Dataset entries
##########
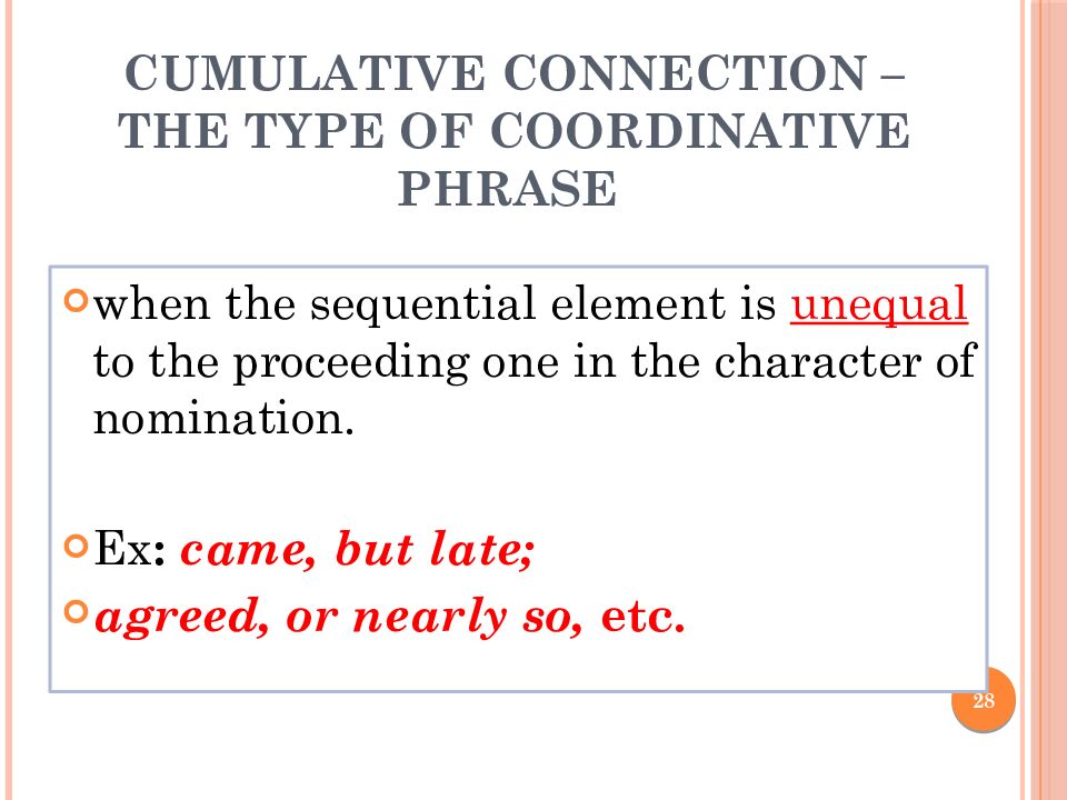Слайд 28: Cumulative connection – the type of coordinative phrase
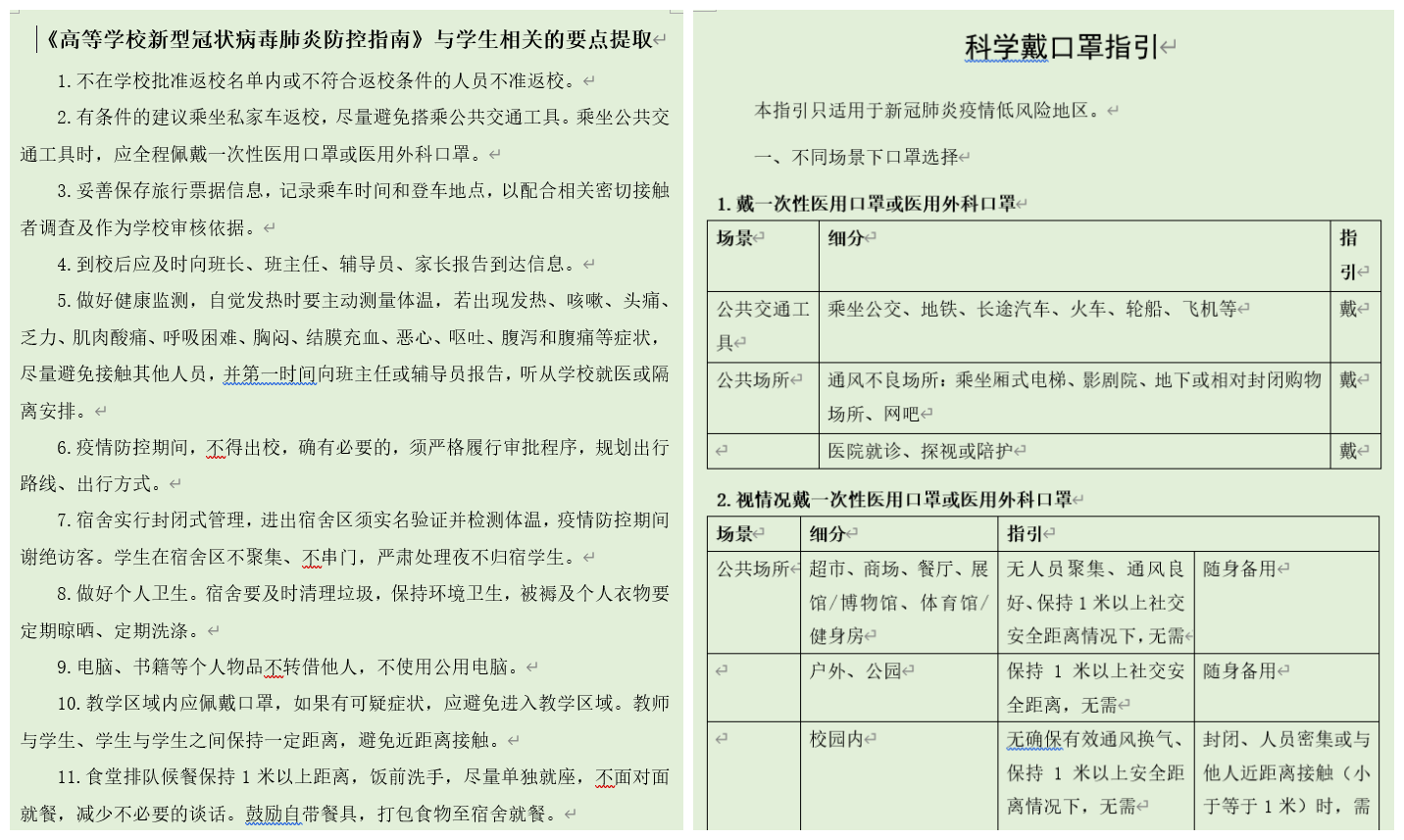 (通讯员:郭霖)根据当前常态化疫情防控形势和复工复产复学需要,金碧娱乐场 全体学生于5月27至31日学习了《公众科学戴口罩指引(修订版)》、《夏季空调运行管理与使用指引(修订版)》和《高等学校新型冠状病毒肺炎防控指南》三个疫情防控文件。为保证学习效果,学工办老师在认真研读文件的基础上,根据将来学生复学返校可能面临的防控重难点,结合金碧 学生具体情况,对文件内容进行了梳理与提炼,整理出相关学习要点,由年级辅导员具体负责组织学生学习。
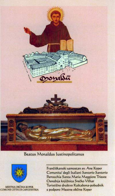 Blaženi Monald rodio se najvjerojatnije u Kopru 1210. godine u zemljoradničkoj obitelji. Tu je, u samostanu sv. Frane koji se nalazio na mjestu današnje gimnazije, stupio u Franjevački red. Kao razboritom i mudrom redovniku, Monaldu su bila povjeravana posebna zaduženja.
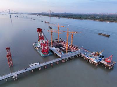 世界最大跨度三塔斜拉桥-马鞍山公铁两用长江大桥 开始全面进入塔柱施工阶段
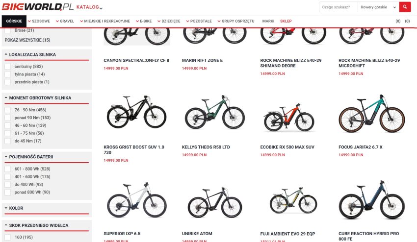 W poprzednim roku, odpowiadając na dynamiczne zmiany na rynku oraz rozwój oferty producentów, odświeżyliśmy nazwy i podział kategorii, aby jak najlepiej odzwierciedlały aktualne typy rowerów. Dodatkowo katalog wzbogaciliśmy o liczne nowe filtry dedykowane rowerom elektrycznym. Teraz można je selekcjonować m.in. według producenta silnika, pojemności akumulatora czy maksymalnego momentu obrotowego, co znacznie ułatwia wybór odpowiedniego modelu.
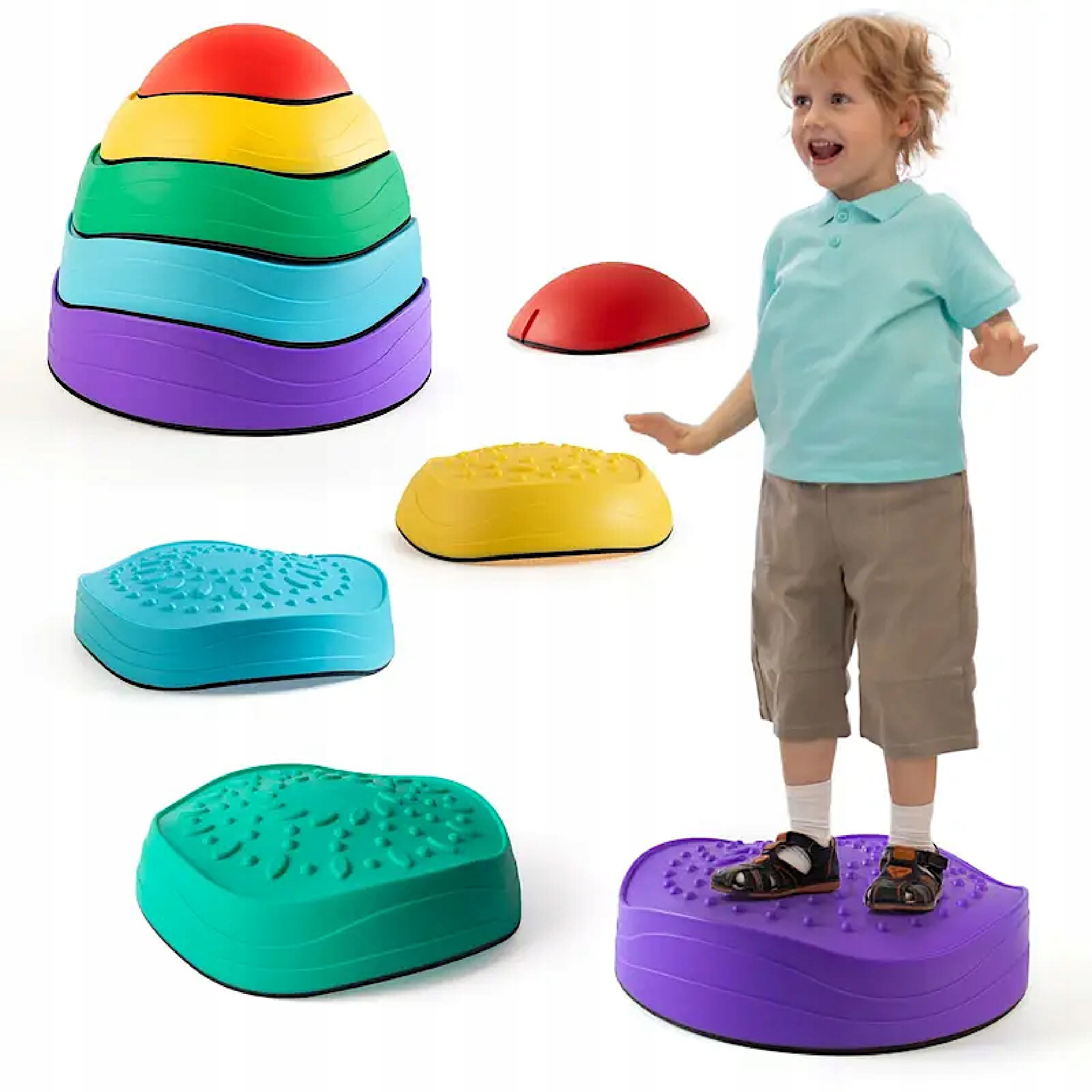 Zestaw 5 kolorowych kamieni sensorycznych to doskonała pomoc edukacyjna, wspierająca rozwój motoryki, równowagi oraz koordynacji wzrokowo-ruchowej. Kamienie wykonane są z wytrzymałych materiałów, które utrzymują ciężar do 100 kg, co pozwala na ich używanie zarówno przez dzieci, jak i dorosłych. Antypoślizgowa powierzchnia zapewnia bezpieczeństwo podczas zabawy, a wodoodporne materiały umożliwiają korzystanie z nich zarówno w pomieszczeniach, jak i na zewnątrz. Dzięki możliwości układania kamieni w stos, zestaw jest łatwy do przechowywania.
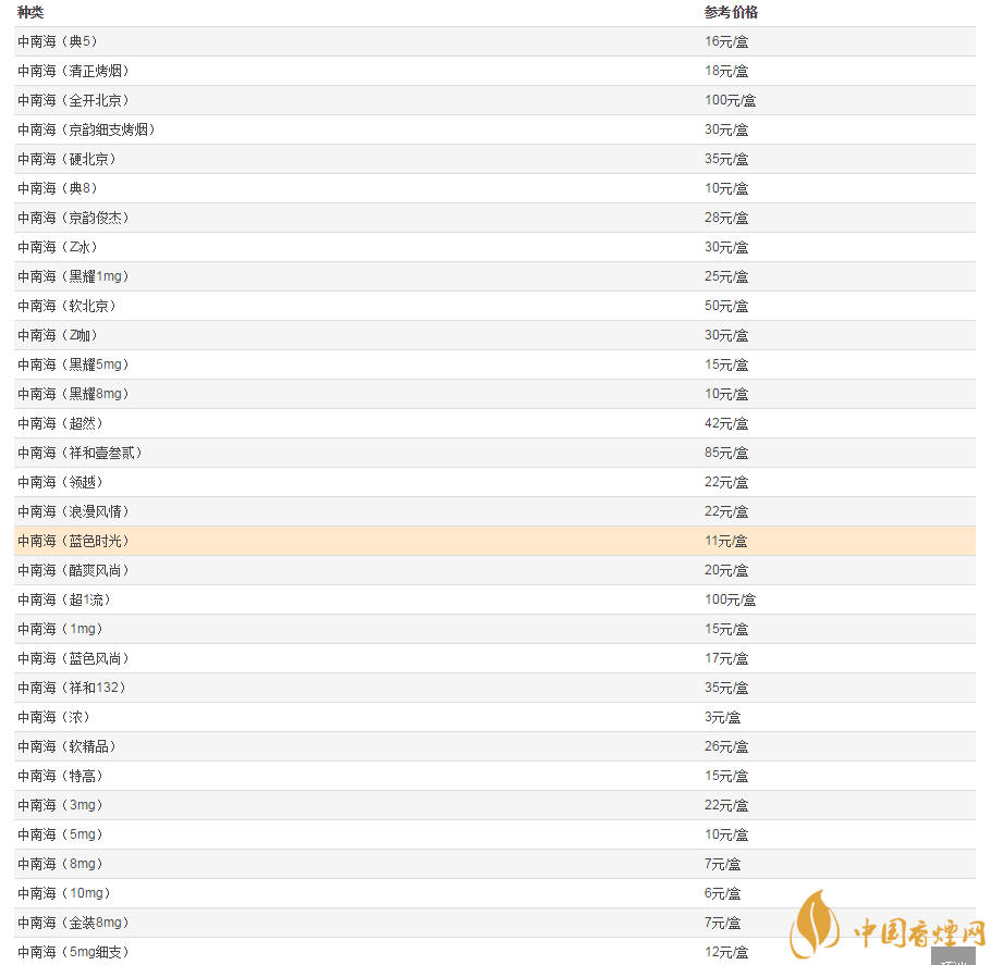 中南海香煙價格是多少 中南海香煙價格表一覽
##########
> [Exercise]:
Only the lines starting at the one that holds "世界最大跨度三塔斜拉桥-马鞍山公铁两用长江大桥 开始全面进入塔柱施工阶段" and ending at the last line of the data belong in your answer. Please set them down exactly and omit the pictures.

> [Written response]:
 世界最大跨度三塔斜拉桥-马鞍山公铁两用长江大桥 开始全面进入塔柱施工阶段
 W poprzednim roku, odpowiadając na dynamiczne zmiany na rynku oraz rozwój oferty producentów, odświeżyliśmy nazwy i podział kategorii, aby jak najlepiej odzwierciedlały aktualne typy rowerów. Dodatkowo katalog wzbogaciliśmy o liczne nowe filtry dedykowane rowerom elektrycznym. Teraz można je selekcjonować m.in. według producenta silnika, pojemności akumulatora czy maksymalnego momentu obrotowego, co znacznie ułatwia wybór odpowiedniego modelu.
 Zestaw 5 kolorowych kamieni sensorycznych to doskonała pomoc edukacyjna, wspierająca rozwój motoryki, równowagi oraz koordynacji wzrokowo-ruchowej. Kamienie wykonane są z wytrzymałych materiałów, które utrzymują ciężar do 100 kg, co pozwala na ich używanie zarówno przez dzieci, jak i dorosłych. Antypoślizgowa powierzchnia zapewnia bezpieczeństwo podczas zabawy, a wodoodporne materiały umożliwiają korzystanie z nich zarówno w pomieszczeniach, jak i na zewnątrz. Dzięki możliwości układania kamieni w stos, zestaw jest łatwy do przechowywania.
 中南海香煙價格是多少 中南海香煙價格表一覽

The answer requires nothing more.